GIVEN DATA –

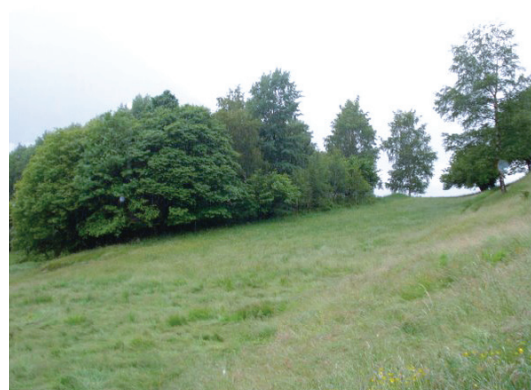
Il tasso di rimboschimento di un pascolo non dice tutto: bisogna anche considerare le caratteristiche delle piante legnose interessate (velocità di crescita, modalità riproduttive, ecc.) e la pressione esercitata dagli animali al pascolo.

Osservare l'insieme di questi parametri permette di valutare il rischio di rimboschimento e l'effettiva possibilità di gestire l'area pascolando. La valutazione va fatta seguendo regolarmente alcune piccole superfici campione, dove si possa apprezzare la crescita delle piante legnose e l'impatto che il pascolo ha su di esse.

...

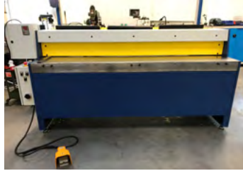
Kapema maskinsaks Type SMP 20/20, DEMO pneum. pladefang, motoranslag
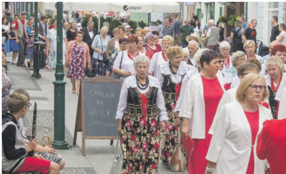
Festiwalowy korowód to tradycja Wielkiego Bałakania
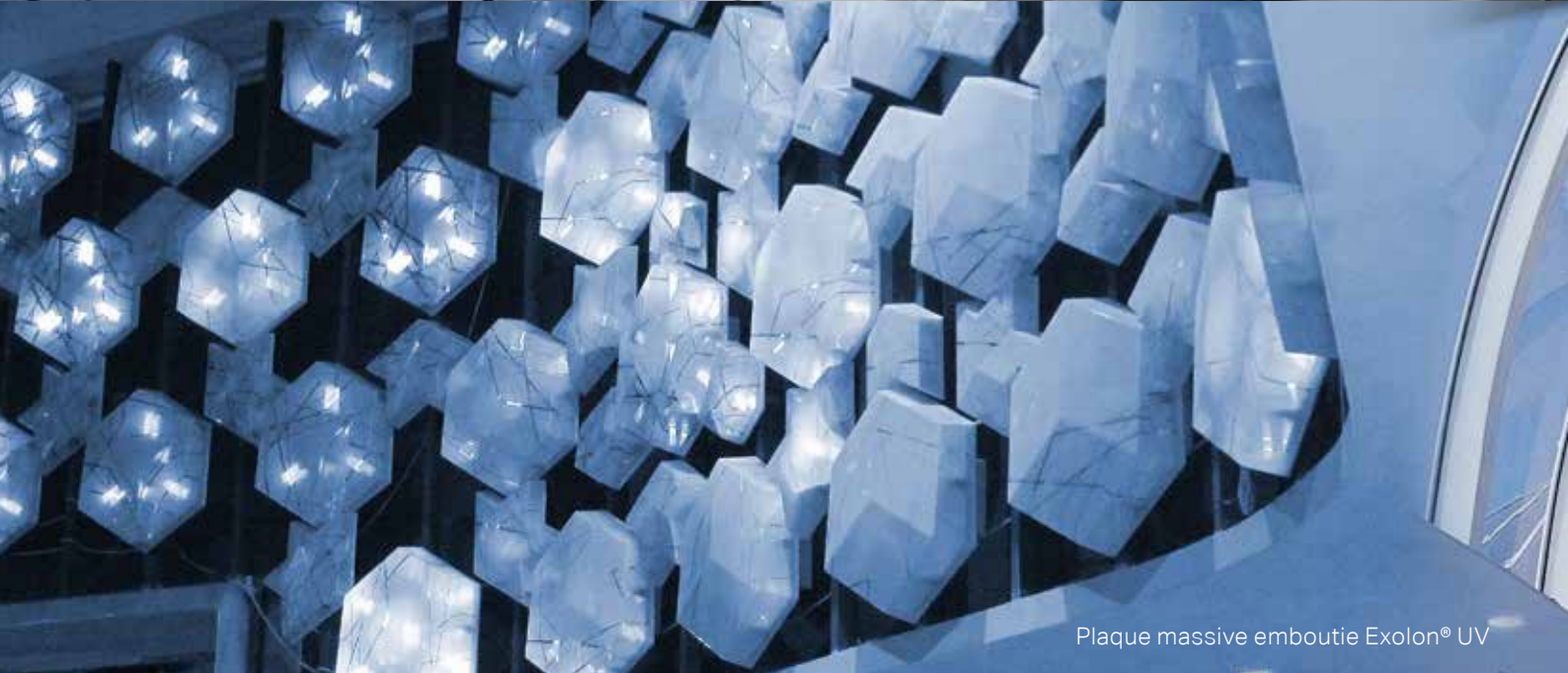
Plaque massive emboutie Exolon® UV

TASK GOAL – Both the line containing "Kapema maskinsaks Type" and the line containing "Plaque massive emboutie Exolon® UV" above belong in the output, as do the lines between them. Print them exactly, without pictures.

OUTPUT OF THE EXERCISE –
Kapema maskinsaks Type SMP 20/20, DEMO pneum. pladefang, motoranslag
Festiwalowy korowód to tradycja Wielkiego Bałakania
Plaque massive emboutie Exolon® UV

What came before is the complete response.